BENGALURU (Reuters) - The Philippine central bank will keep its key policy rate unchanged on Thursday, according to a Reuters poll of economists who now expected the first rate cut to come in the final quarter of this year.

Annual inflation rose for the third straight month in April, to 3.8% from 3.7% in March. While it stayed within the central bank's 2-4% target range, Bangko Sentral ng Pilipinas (BSP) and economists expect risks to remain tilted toward the upside.

That suggests BSP may be reluctant to reduce its interest rate ahead of major central banks, notably the Fed, which is expected to make its first cut in September.

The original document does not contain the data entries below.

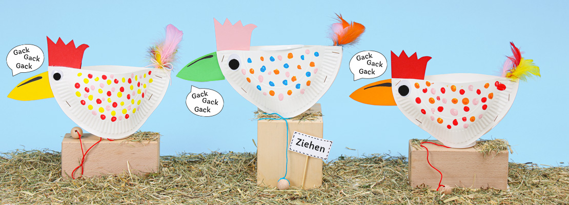 Diese fröhlichen Hühner mit witzigem Soundeffekt begeistern Groß und Klein und sind schnell gebastelt. Mit einem Joghurtbecher, einem Baumwollgarn und einer Holzkugel entsteht das lustige „Gacker-Geräusch“, während der Körper aus einem Pappteller gestaltet wird. Beim Schneiden, Kleben und Zusammenbauen werden die Feinmotorik, Kreativität und Konzentration geschult. Das fertige Huhn sorgt für Stolz, gute Laune und lädt zum Spielen ein.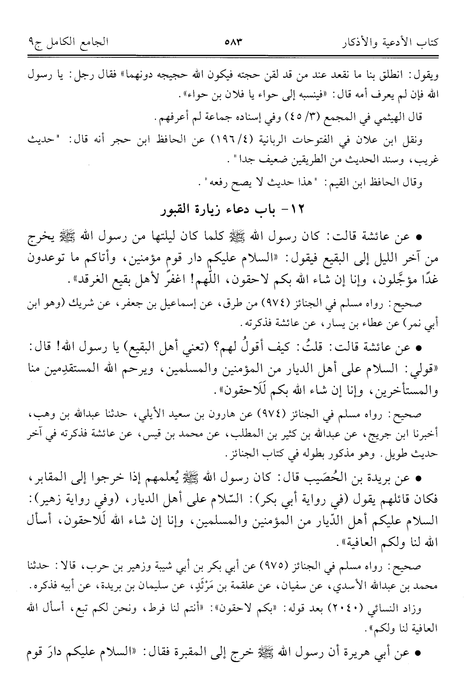كتاب الجامع الكامل في الحديث الصحيح الشامل المرتب على أبواب الفقه (اسم الجزء: 9)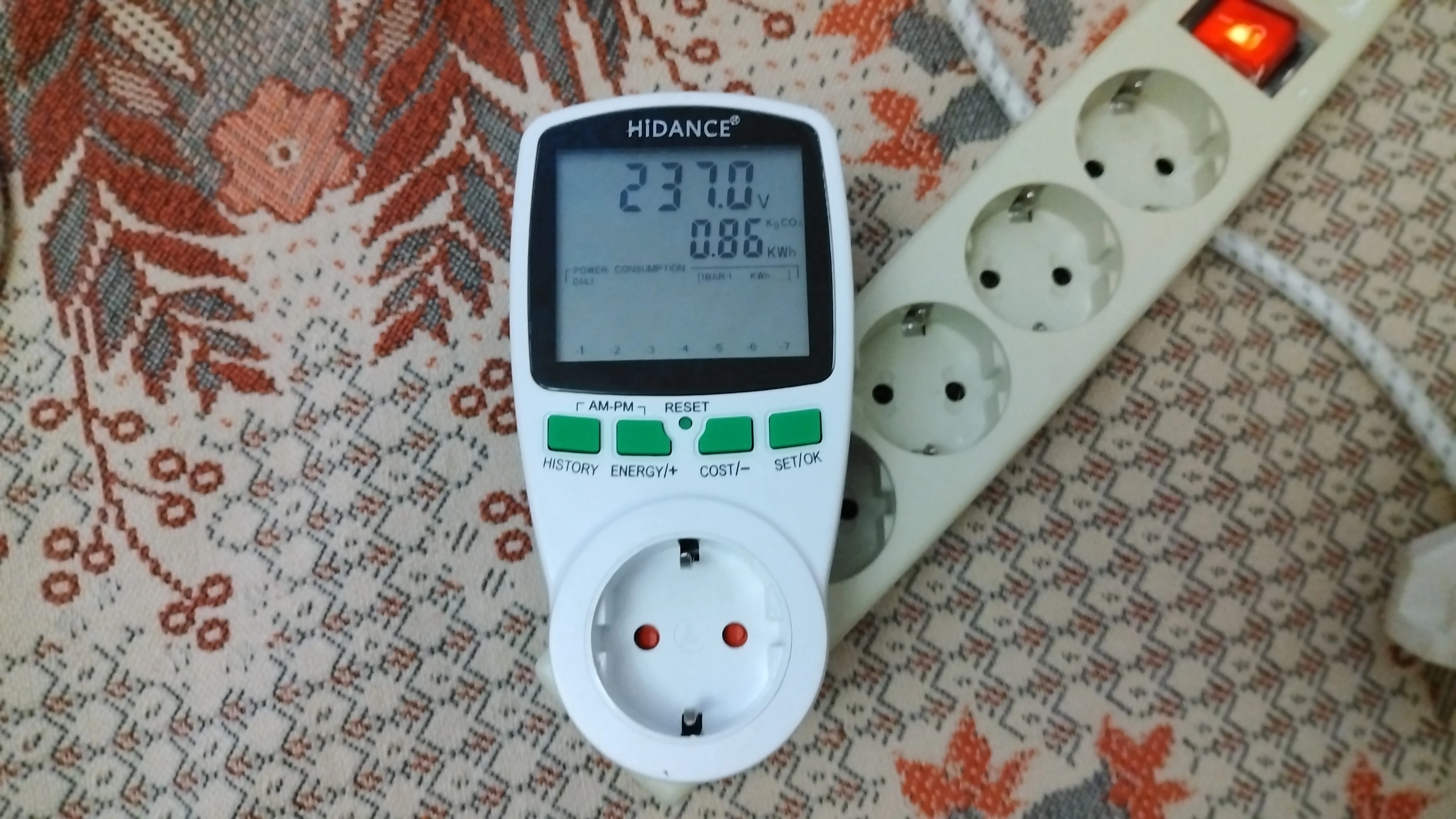 очень классный счётчик,указав сумму,выдает стоимость работу приборов и их потребление. например: чайник 750 Вт. закипятил 1л.воды,по стоимости энергии вышло 18 коп. ещё много чего проверю и много всяких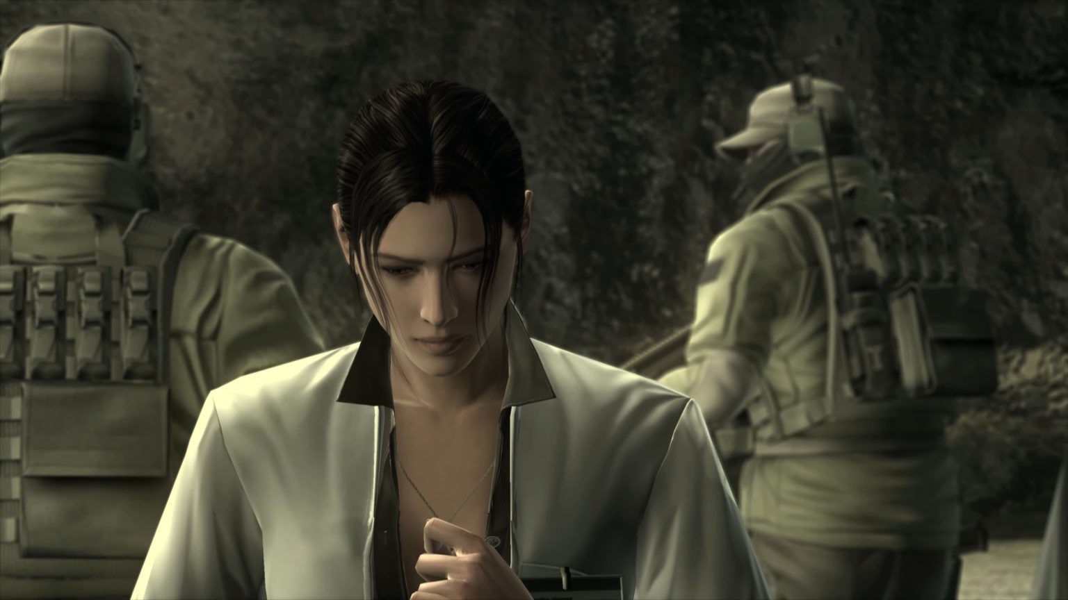 La cantatrice, à la voix aussi puissante que meurtrie, raconte en hébreu l'histoire d'un amour perdu sur le champ de bataille. "Faisant vœu d'un monde qui n'a plus de larmes à pleurer, mon cœur est déjà mort. L'espoir. Tu me manques tellement que cela me fait mal". J'ai appris la signification de ces paroles en écrivant ces lignes, mais leur message m'avait transpercé au travers des barrières de la langue dès les premières intonations. Clope vissée au bec sous une moustache foisonnante, les cheveux blancs et l'air résigné, le plus grand soldat de l'Histoire s'élance pour la première fois dans un conflit bien plus large que tout ce qui nous a jamais été montré dans la série. Old Snake, comme on le surnomme, n'a pas les mêmes avancées high-tech que ses ennemis pour augmenter ses capacités, mais plutôt l'expérience réelle du conflit et ses nombreuses cicatrices pour le guider.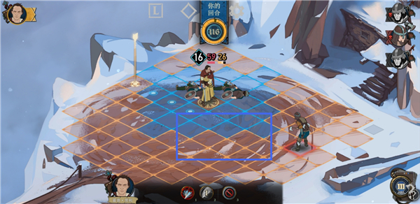 1、游戏中蓝色格子表示你的人物在当前回合能够移动的范围。橙色格子表示额外移动距离,但你的人物必须耗费一定的精力才能移动到那里。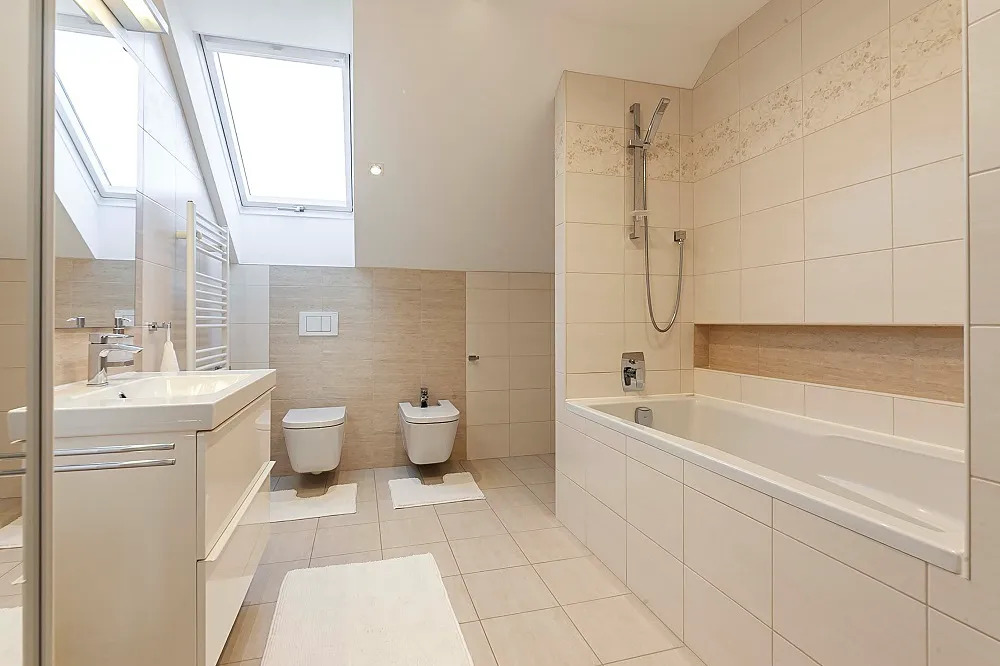 V přízemí domu je nájemci k dispozici vstupní chodba s vestavnou skříní, prostorný obývací pokoj se vstupem na zahradu, plně vybavený kuchyňský kout, jídelna, koupelna se sprchovým koutem, samostatná toaleta, technická místnost. Ve 2.NP jsou pak k dispozici 3 ložnice, koupelna s vanou toaletou a bidetem, šatna.

All 23 economists in the May 7-13 Reuters poll forecast the BSP to keep its overnight borrowing rate unchanged at 6.50% on May 16. The survey also rates were expected to stay there at least end-September.

"We expect the pause in rates to be extended at the meeting. Headline CPI inflation prints have been moving higher and are edging closer to 4% - the upper end of the BSP inflation target range," noted Derrick Kam, Asia economist at Morgan Stanley.

"However, the central bank had already taken the recent inflation dynamics into consideration at their last meeting and hence the recent run of data should not be a surprise that would prompt the central bank to hike."

Median forecasts showed interest rates on hold until the end of the third quarter, followed by 50 basis points of cuts in the fourth quarter to end the year at 6.00%.

Among those with end-year forecasts, eight of 18 economists saw the policy rate at 6.00%, three expected rates at 6.25%, three said 5.50% and one said 5.75%. Three predicted no change from 6.50%.

Still, a significant minority, eight of 19 economists, expected the central bank to make the first cut next quarter.

Despite the highest rates since June 2007, the Philippine peso is down about 4% against the U.S. dollar for the year.

"The odds of a rate hike is low even though there is a certain discomfort that the Philippine peso reached close to the 58 PHP/USD psychological threshold in late April... the recent weakening of the peso will also prompt the BSP to keep rates at the current level," wrote Sarah Tan economist at Moody's.